XI. Titres Des titres licencieux, indécents ou obscènes ne seront pas employés.
XII. Sujets répugnants Les sujets suivants doivent être traités avec beaucoup de prudence et de bon goût :
1. Les pendaisons et les électrocutions légales (punition d'un criminel). 2. La brutalité et l'horreur. 3. Le tatouage (marquer au fer) d'animaux et d'êtres humains. 4. La cruauté envers les enfants ou les animaux. 5. La vente des femmes et la prostitution. 6. Les opérations chirurgicales.
Je vais peut-être dire une bêtise, la dernière de l'année promis , mais le personnage de gangster irrécupérable qu'a incarné James Cagney est parvenu à l'effet inverse voulu par le code vu les succès de ses films. Même si ces derniers devaient respecter le code, Cagney y a gagné là une popularité contre-productive par rapport à l'objectif voulu.

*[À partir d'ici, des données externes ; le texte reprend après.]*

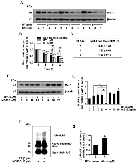 Figure 4A,B shows that in the condition where protein production was blocked, RT decreased the stability of the Mcl-1 protein. The difference was first detected at 4 h after RT treatment (Figure 4A,B). We also determined the Mcl-1 protein half-life and found that the half-life of Mcl-1 protein in the RT-treated groups was about 1.4 h, whereas in the untreated control the value was 3.4 h (Figure 4C). To prove that this decrease in Mcl-1 stability was through proteasomal degradation of the protein, we utilized MG132, a potent selective proteasome inhibitor. Treatment of the lung cancer cells with RT for 4 h dramatically decreased Mcl-1 level, while the addition of MG132 (0–20 µM) could restore the Mcl-1 level (Figure 4D,E). Taken together, it could be concluded that RT induced Mcl-1 proteasomal degradation. Importantly, it was shown that the degradation of Mcl-1 protein required ubiquitination [45]. The tagging of ubiquitin and poly-ubiquitin molecules on the target proteins conferred the recognition of the proteasome providing a specific degradation machinery of certain functional proteins. We also provided the evidence of Mcl-1 ubiquitination using immunoprecipitation and analysis of the Mcl-1-ubiquitin complex (Ub-Mcl-1) in the lung cancer cells treated with RT and non-treated control cells. After treating the cells with 5 µM RT for 4 h, the Mcl-1 protein was selectively isolated from cell lysates by the Mcl-1 antibody. Then, unwanted proteins were washed out and only Mcl-1 complex was analyzed for ubiquitin through Western blot analysis. Figure 4F,G shows that treatment of the cells with RT dramatically enhanced the formation of the Mcl-1-ubiquitin complex compared to the baseline complex in non-treated controls. Taken together, the mechanism of action of RT is through the induction of Mcl-1 degradation via ubiquitin-proteasomal degradation.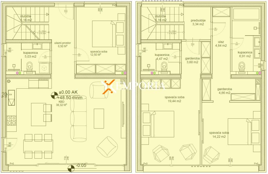 Raspored prostorija čine prizemlje, hodnik, spavaća soba, kupaonica, kuhinja s blagovaonicom i dnevnim boravkom, nenatkrivena terasa. Unutarnjim stepenicama se ide na kat gdje se nalazi hodnik, dvije spavaće sobe, svaka sa kupaonicom i garderobom.

Cela dit, en lisant les rapports de la commission Hays, j'ai été surpris de voir qu'ils étaient pas cons du tout, et très conscients de ce que les réalisateurs faisaient passer par sous-entendus. Bon, jusqu'à un certain point, hein, ils ratent des trucs, mais globalement ils sont assez lucides. On remarque aussi, en tout cas avant l'application (après ils semblent plus revenchards), qu'ils laissent passer des choses si ça va dans le bon sens moral (pour Le signe de la croix, par exemple).